**Exercise prompt**
Everything in the listing should be set down exactly, apart from the pictures.

**Data extract**
..........
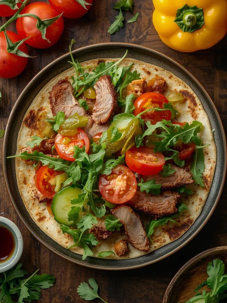 Tortilla z pieczonym schabem, rukolą, pomidorem, ogórkiem konserwowym i papryką na zimno
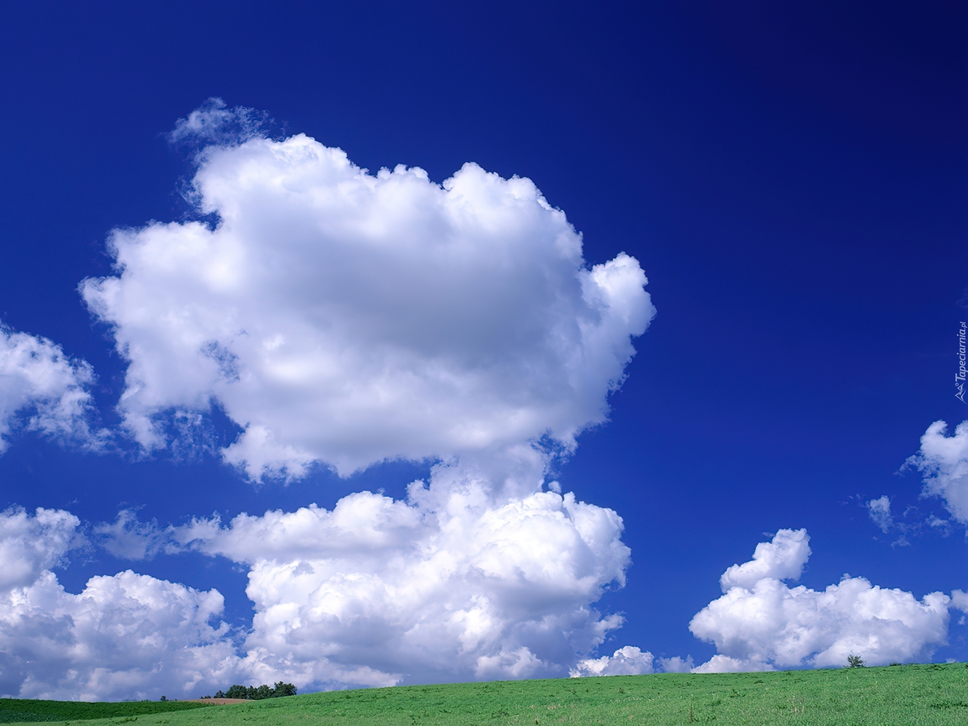 Edytor tapety: Niebo, Białe, Chmurki, Zielone, Pola
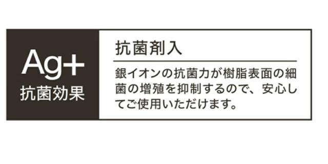 ●銀イオンの抗菌力で樹脂表面の細菌の増殖を抑制するバクテキラーを配合しています。(抗菌加工部分:本体・仕切り)
..........
**Solved exercise**
 Tortilla z pieczonym schabem, rukolą, pomidorem, ogórkiem konserwowym i papryką na zimno
 Edytor tapety: Niebo, Białe, Chmurki, Zielone, Pola
 ●銀イオンの抗菌力で樹脂表面の細菌の増殖を抑制するバクテキラーを配合しています。(抗菌加工部分:本体・仕切り)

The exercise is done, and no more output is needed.